The file omp-pi.c contains a serial program for computing the approximate value of \(\pi\) using a Monte Carlo algorithm. Monte Carlo algorithms use pseudorandom numbers to compute an approximation of some quantity of interest.

The idea is quite simple (see Figure 1). We generate \(N\) random points uniformly distributed inside the square with corners at \((-1, -1)\) and \((1, 1)\). Let \(x\) be the number of points that lie inside the circle inscribed in the square; then, the ratio \(x / N\) is an approximation of the ratio between the area of the circle and the area of the square. Since the area of the circle is \(\pi\) and the area of the square is \(4\), we have \(x/N \approx \pi / 4\) which yelds \(\pi \approx 4x / N\). This estimate becomes more accurate as the number of points \(N\) increases.

Modify the serial program to make use of shared-memory parallelism with OpenMP. Start with a version that uses the omp parallel construct. Let \(P\) be the number of OpenMP threads; then, the program operates as follows:

The user specifies the number \(N\) of points to generate as a command-line parameter, and the number \(P\) of OpenMP threads using the OMP_NUM_THREADS environment variable.

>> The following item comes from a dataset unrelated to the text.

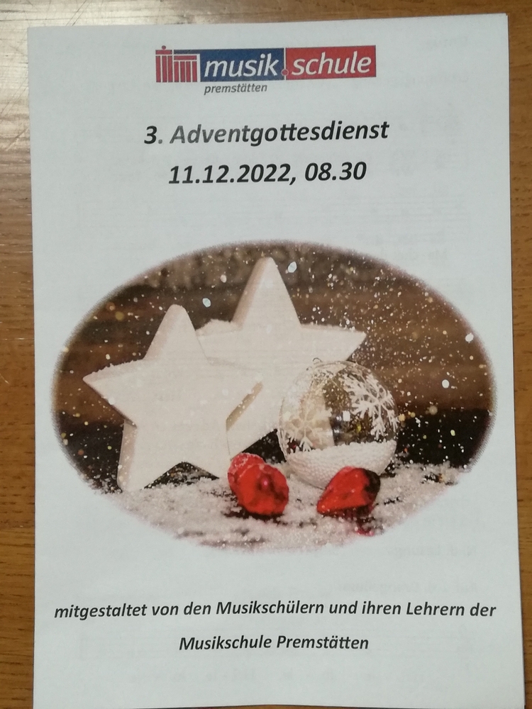 Besondere Freude, aber auch adventliche Besinnung, schenkte uns auch der Gaudete-Gottesdienst mit Vikar Norbert Glaser und der Musikschule Premstätten. In der Predigt erfuhren wir, was die verheißungsvollen Worte des Propheten Jesaja über die Wüste, die zum Garten wird, (Jes 35,1-6a.10), für uns heute bedeuten könnten.
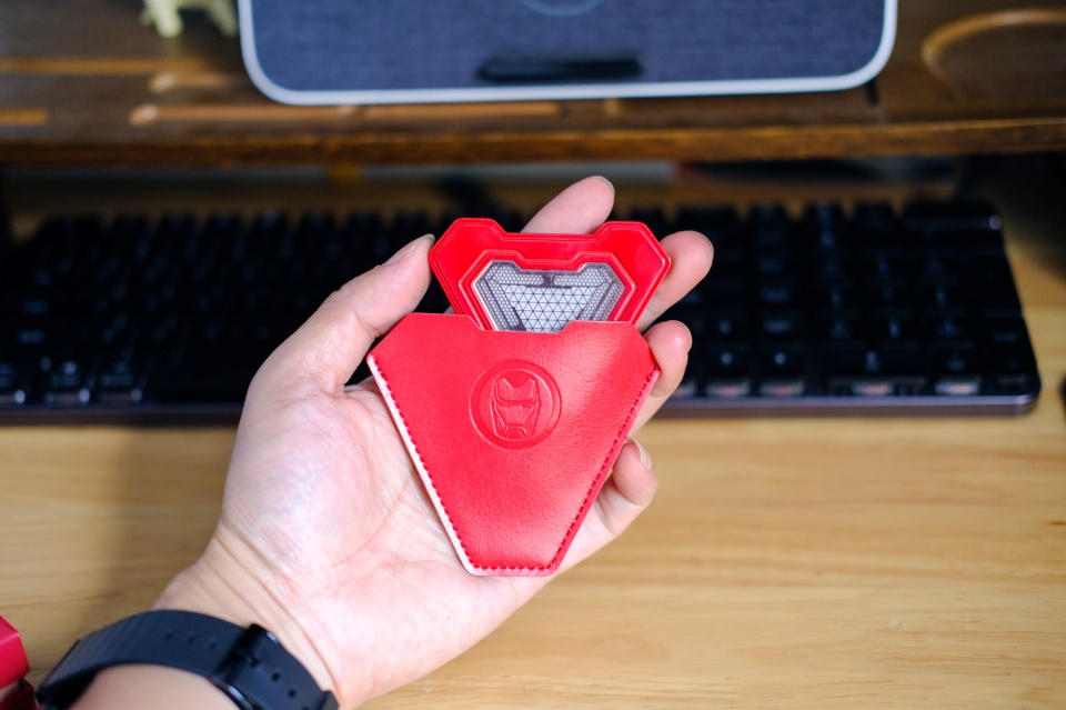 收纳袋采用皮质设计,红色配色,也镶印着钢铁侠的标识。平时外出携带,能够比较好地保护移动硬盘不受损伤。

Thread \(p\) generates \(N/P\) points using the provided function generate_points(), and stores the result in inside[p] where inside[] is an integer array of length \(P\). The array must be declared outside the parallel region since it must be shared across all OpenMP threads.

At the end of the parallel region, the master (thread 0) computes the sum of the values in the inside[] array, and from that value the approximation of \(\pi\).

You may initially assume that the number of points \(N\) is an integer multiple of \(P\); when you get a working program, relax this assumption to make the computation correct for any value of \(N\).